Title VII of the Civil Rights Act prohibits harassment in the workplace. The U.S. Equal Employment Opportunity Commission notes that sexual harassment includes offensive conduct based on gender, gender identity or sexual orientation.
Inappropriate comments based on an employee’s pregnancy status may also reflect sexual harassment. A one-time remark may not, however, violate the law. The circumstances could change when a supervisor or coworker repeats the offensive behavior; a hostile work environment may result.
Toxic and hostile work environments
Offensive comments or unwanted actions could bring about a toxic workplace. When it becomes difficult for a reasonable employee to perform his or her duties, the environment becomes hostile. Employees have a right to file complaints with a supervisor or the company’s human resources department.
Employers owe a duty of care to take the steps needed to stop sexual harassment. If the offensive conduct continues or an employee experiences further abuse, an employer’s lack of action may represent retaliation. Persuading the employee to quit may have reflected the true intent behind the inaction.
Sexual harassment may require a lawsuit for relief
As reported by NBC’s KGET TV 17, several former and current employees of an electric vehicle manufacturer filed lawsuits alleging sexual harassment “from the top of the company down.” Supervisors and coworkers allegedly made inappropriate comments based on pregnancy, sex and gender identity.

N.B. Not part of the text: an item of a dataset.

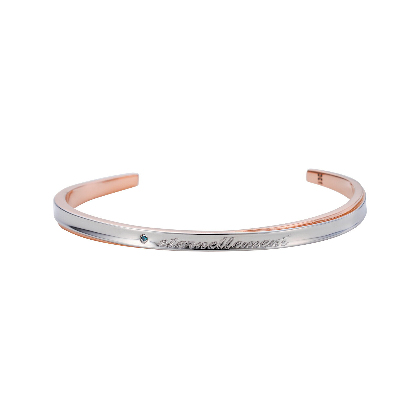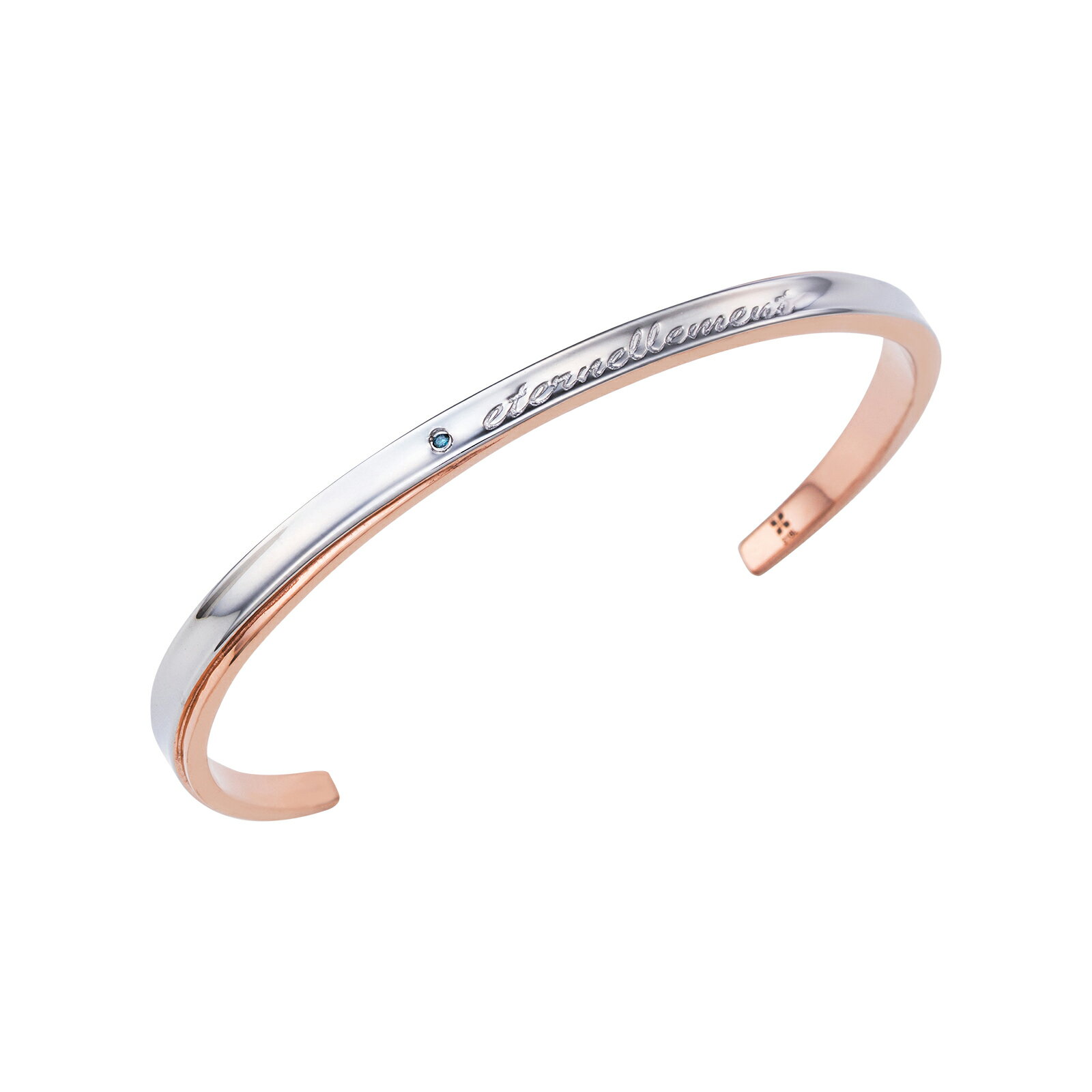 緩やかに重なったクロスのラインに「eternellement(永遠)」のメッセージがデザインされたレディースバングル。 表にはサムシング・フォーにちなんで、青く輝くブルーダイヤモンドをセットしました。 ヨーロッパでは、結婚式当日、花嫁は青いものを身に着けると幸せになれる「Something Four」という言い伝えがあります。 金属アレルギーが起こりにくいサージカルステンレス316Lという素材でお作りしております。 医療器具にも使用されている高品質な安心素材です。 傷がつきにくく錆びたりしないので、専用のお手入れがいらないのも魅力の一つです。 >ペアはこちら >レディースバングル一覧 商品番号 4SBG029GO サイズ 口幅:約3.4cm、内周:約17cm 素材 サージカルステンレス316L 石 ブルーダイヤモンド 加工 PVDコーティング 寸法 幅:約4.5mm 重量 約9.3g メッセージ eternellement(永遠) 刻印 バングルの内側に10文字まで可能 ※刻印を希望する方は必ずこちらをご確認ください 《 注意事項 》 ●ステンレス製のバングルは素材の性質上、バングルの一部に力が加わるような開閉や強い力での開閉は、商品の石取れや破損の要因となることがございます。お取り扱いにはご注意くださいますようお願いいたします。 ●サージカルステンレスは金属アレルギーが起こりにくいとされていますが、絶対にアレルギーが起こらないという素材ではありません。 ●商品サイズは人の手で計測しておりますので、数mmの誤差がある場合がございます。 ●ラッピングや巾着ポーチのデザインは予告なく変更となる場合がございます。 ●お使いの環境(モニター、ブラウザ等)の違いにより、色の見え方が実物と若干異なる場合がございます。

Employees reported repeated catcalling, propositioning and comparisons to a cow. After communicating the issues to HR, however, the employer did not take corrective action.
Employers must remedy offensive workplace conditions when they learn of harmful and repeated occurrences. Failing to do so may result in legal action. Damages resulting from a lawsuit may include back pay that employees would have received if the work environment had not caused them to quit or experience a wrongful termination.